WORK TASK ▸
Look for the line with "An architectural short-sleeve"; please transcribe it and every later line in the entries exactly, up to the end, leaving pictures out.

Extracted records:

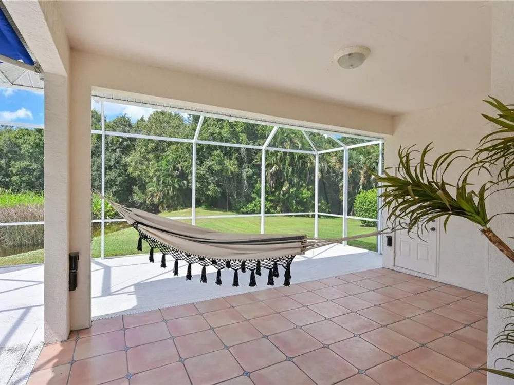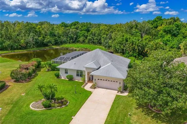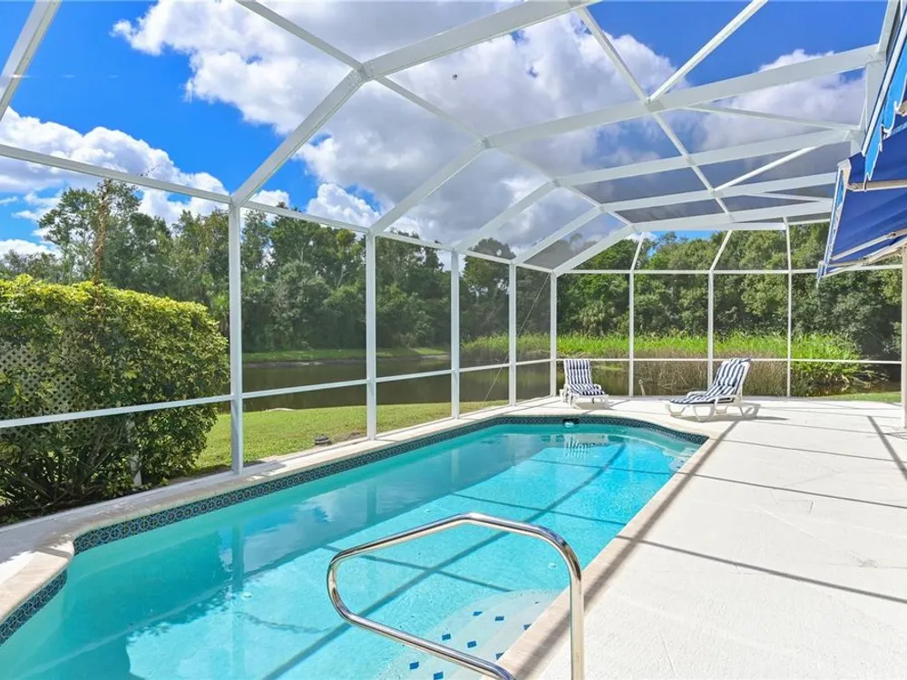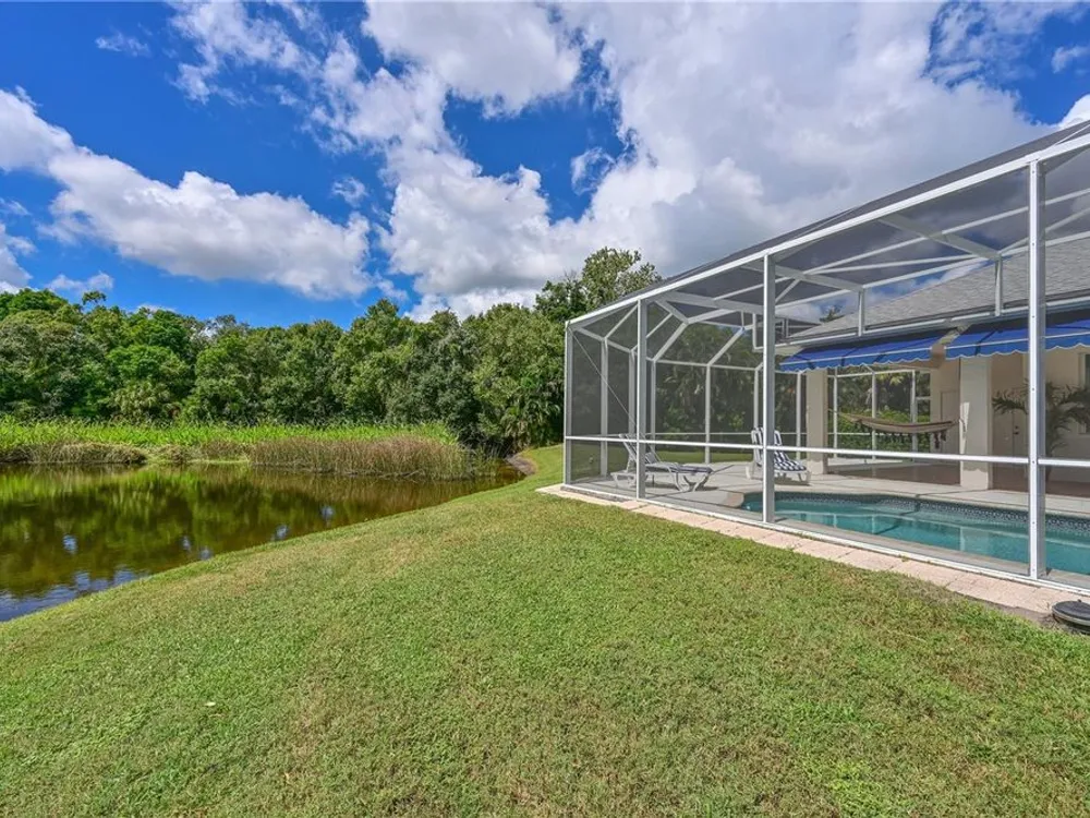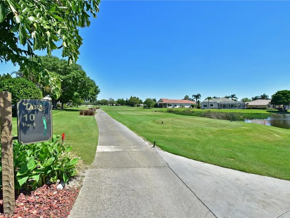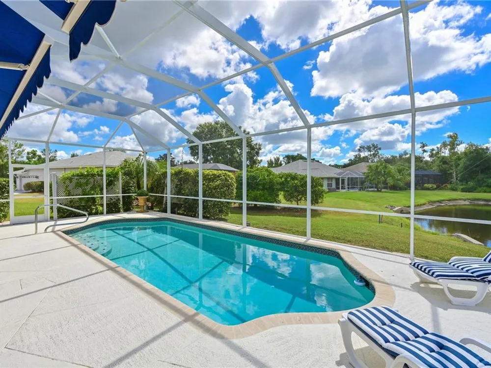 A home with character! Refreshed and ready for you to make it your own! This open floor plan gives you all the living space and entertaining opportunities for years to come. Oversized living and dining area, flow right together with triple sliders that bring the Florida sunshine in, all day long. Eat-in kitchen is bright and sunny with the front facing east, and the side windows have southern exposure. New refrigerator. Sliders go out to the massive lanai where you will spend endless days enjoying your pool and pond view. New pool cage 2025. Pool area has a half bath. Primary bedroom has sliders to the lanai, ensuite bath with soaking tub and shower, walk-in closet. Entry hall into the primary bedroom has extra closets for all your storage needs. Large guest bedroom with view of the private pond out back. Home office/den has French doors. All new fans throughout the house. Distinctive ceramic tile was imported from Spain and is showcased throughout the living area and outdoor lanai area. This home is located on a cut de sac. The original builder designed the house to have the most amount of natural sunlight by positioning the front to face East. The pool has sun on it all day long. Expansive pool decking wraps around the house with room for dining, lounging or that outdoor ping pong table. Private yard backs up to a beautiful wooded area and pond. Class A membership to Tara Golf and Country Club completes your full, active Florida lifestyle. 18 Hole Championship golf course was voted Number One by Peoples Choice 2025.Tennis, Bocce, Full Fitness Center, Community Pool and Spa, Brand New Pickle Ball Facility with 5 lit courts, and fabulous clubhouse (that will be completely renovated in 2025-2026.)Will be open for service during the renovation for dining, social events, and our popular bar in the grill room. This golf community is the best bang for the buck in the Bradenton area, and will give you the friendly community you want to live in. Welcome to Taradise!
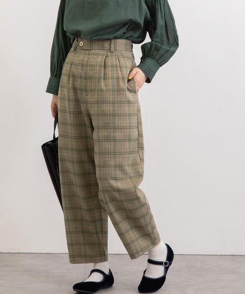 きれいめ素材仕立てのタックパンツ■Point・季節感のないきれいめの素材で、飽きの来ないトラッドなチェック2色と、ブラックの3色展開です。・ウエストの2本のタックで、ウエストまわりは程よくゆとりがあります。・裾にかけてややテーパードのすっきりシルエットです。・太めのベルトはハイウエストを保ってくれます。・ウエストはバックゴム仕様で安心感のある履き心地です。・両サイド、バックに1箇所ポケット付き。・裏地付き。--------------------透け感:なし厚さ:普通伸縮性:あり裏地:あり--------------------POU DOU DOU プードゥドゥひと手間加えた存在感のある「日常着」いつまでもときめきとかわいいを忘れない方への愛着を持てるワードローブ= お気に入り登録がおすすめ!=POU DOU DOUのお得な情報をいち早くお届け致します◎アイテムをお気に入り⇒ SALE START / 完売COLOR再入荷 / LAST1点 etc...ブランドをお気に入り⇒新商品 / 再入荷 /クーポン・セール情報 etc...
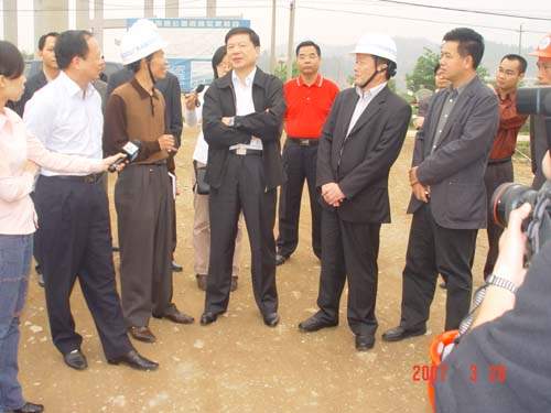 3月28日,佛山市委書記林元和、高明區(qū)委書記馬亮照、區(qū)長(zhǎng)潘志文、副區(qū)長(zhǎng)余中偉等一行,到一公司承建的廣明高速富灣特大橋工地視察工作。林書記充分肯定了目前的進(jìn)展情況和感謝我局對(duì)佛山施工建設(shè)的貢獻(xiàn),并稱四航局是"國(guó)家隊(duì)"。最后在要求廣明高速2008年能按期通車的同時(shí),還希望四航局再接再厲,接下廣明高速佛山段的經(jīng)營(yíng)權(quán)。 (蘇鐵忠)
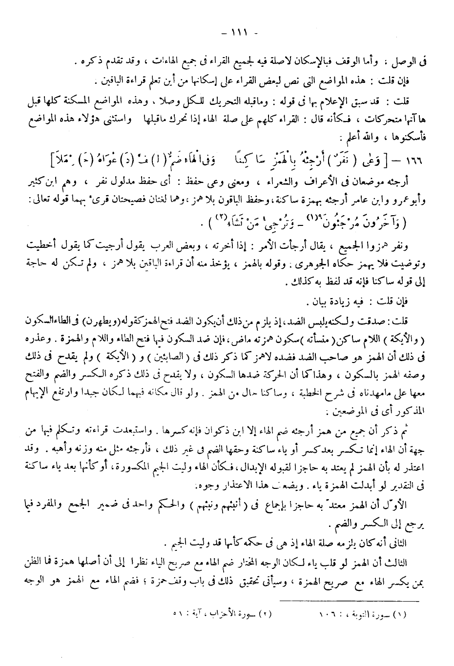 ثم ذكر أن جميع من همز أرجئه ضم الهاء إلا ابن ذكوان فإنه كسرها، واستبعدت قراءته وتكلم فيها من جهة أن الهاء إنما تكسر بعد كسر أو ياء ساكنة وحقها الضم في غير ذلك فأرجئه مثل منه وزنه وأهبه، وقد اعتذر له بأن الهمز لم يعتد به حاجزًا؛ لقبوله الإبدال فكأن الهاء وَلِيَتِ الجيم المكسورة أو كأنها بعد ياء ساكنة في التقدير لو أبدلت الهمزة ياء، ويضعف هذا الاعتذار وجوه.
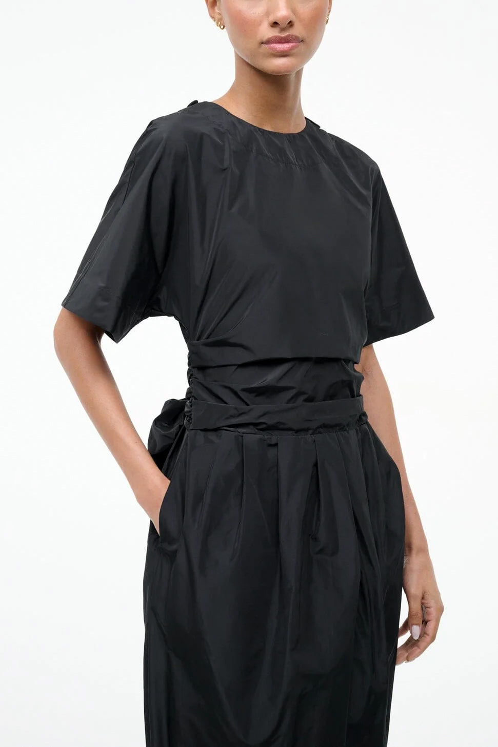An architectural short-sleeve dress crafted in nylon taffeta, the Michelina is the perfect versatile dress for any festive occasion. This style features a tulip skirt and gathering detail at the waist with bow tie in the back.
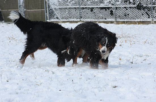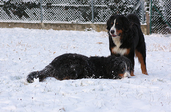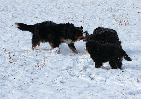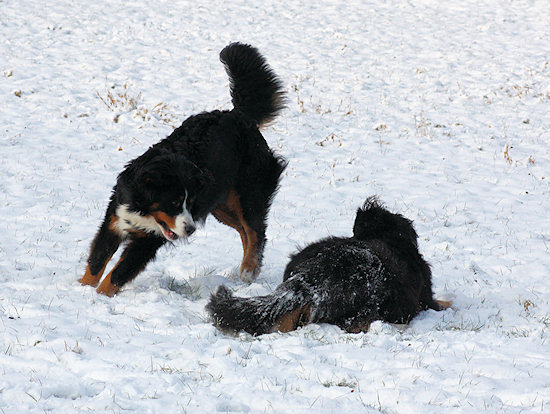 Irgendwie haben die Bernerwald-Jungs wohl die Stofftiermanie ihres Vaters geerbt. Wenn sie nicht gerade miteinander kämpfen oder Duncan an irgend einem Spielzeug knabbert, balgen die beiden sich gerne um ein Stofftier.
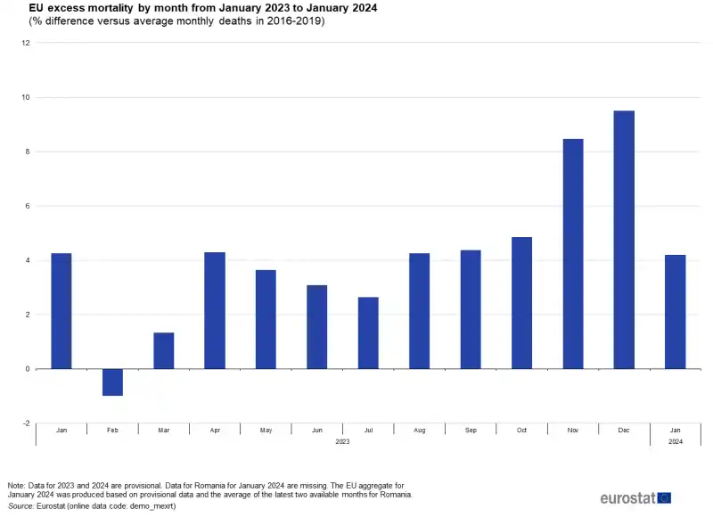 Υπερβολική θνησιμότητα σημειώθηκε και στην ΕΕ τον Ιανουάριο του τρέχοντος έτους, σύμφωνα με νέα στοιχεία της ευρωπαϊκής στατιστικής υπηρεσίας Eurostat. Ωστόσο, το υπερβολικό ποσοστό θνησιμότητας έχει μειωθεί ελαφρώς, από 9,5 τοις εκατό τον Δεκέμβριο σε 4,2 τοις εκατό τον Ιανουάριο, αναφέρει το Uncutnews.

WRITTEN SOLUTION ▸
An architectural short-sleeve dress crafted in nylon taffeta, the Michelina is the perfect versatile dress for any festive occasion. This style features a tulip skirt and gathering detail at the waist with bow tie in the back.
 Irgendwie haben die Bernerwald-Jungs wohl die Stofftiermanie ihres Vaters geerbt. Wenn sie nicht gerade miteinander kämpfen oder Duncan an irgend einem Spielzeug knabbert, balgen die beiden sich gerne um ein Stofftier.
 Υπερβολική θνησιμότητα σημειώθηκε και στην ΕΕ τον Ιανουάριο του τρέχοντος έτους, σύμφωνα με νέα στοιχεία της ευρωπαϊκής στατιστικής υπηρεσίας Eurostat. Ωστόσο, το υπερβολικό ποσοστό θνησιμότητας έχει μειωθεί ελαφρώς, από 9,5 τοις εκατό τον Δεκέμβριο σε 4,2 τοις εκατό τον Ιανουάριο, αναφέρει το Uncutnews.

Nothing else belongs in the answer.